The Prime Minister is visiting a Queenstown skifield to mark the beginning of the ski season.
Jacinda Ardern has met with NZSki chief executive Paul Anderson and other skifield staff at The Remarkables this morning.
The tourist resort is upbeat as it prepares for its first uninterrupted ski season since the pandemic began.
However, those in the hospitality and tourism sectors are grappling with a critical worker shortage, with estimates up to a third of positions may be vacant.
Fergburger Group general manager Stephen Bradley yesterday said that NZSki had been able to secure staff thanks to the government going out of its way to make that happen.
But hospitality and other tourism operators need that support too, he said.
"We're going to miss winter. We are going to miss profits.
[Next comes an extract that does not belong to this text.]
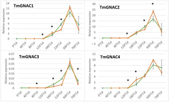 Expression profile of the TmGNAC1, TmGNAC2, TmGNAC3, and TmGNAC4 genes in einkorn grain during eight developmental stages. The expression was monitored in control (19 °C, green curve) and moderate thermal stressed condition (27 °C during 10 days after anthesis, orange curve). * = significant difference between control and stressed conditions (T test, p-value < 0.05). The significant difference observed at 120 °Cd after anthesis for the TmGNAC1, TmGNAC2 and TmGNAC4 reveals a higher expression in the control condition compared to the stressed condition.

We're going to miss a successful winter and unless the government starts to change immigration policy and helps us out like they helped NZSki out - we're going to miss summer this year too."
At present there are estimated to be more than 1000 job vacancies in Queenstown - almost 10 percent of the town's population.
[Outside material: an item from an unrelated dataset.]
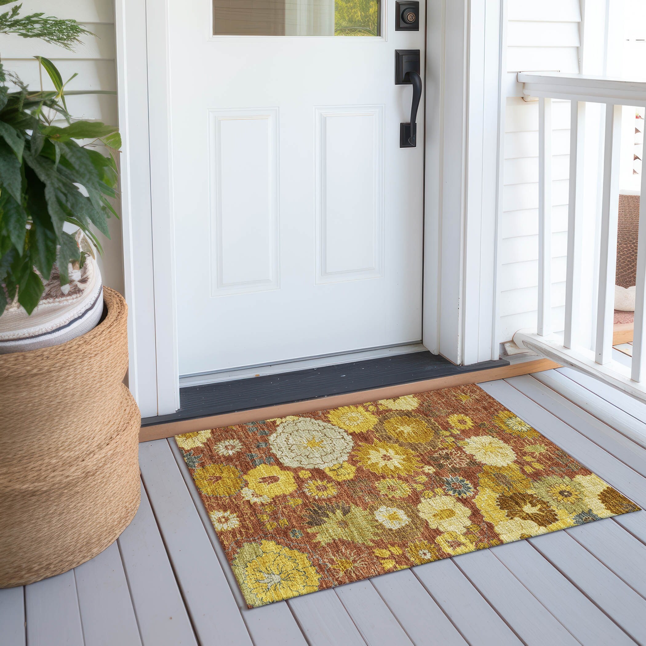 Machine Washable Indoor/Outdoor Modern Floral Chantille Rug

Ardern said the government was taking advice from its experts on mandatory mask wearing in schools and keeping a close eye on what was happening in hospitals around the country.
There have been growing calls from those in the health sector to move the country back into red traffic light settings as hospitals are overrun with multiple waves of winter illness.
Traffic light settings were being regularly reviewed, Ardern said.
Covid case numbers, hospitalisations and those in ICU had dropped since the move to orange settings, she said.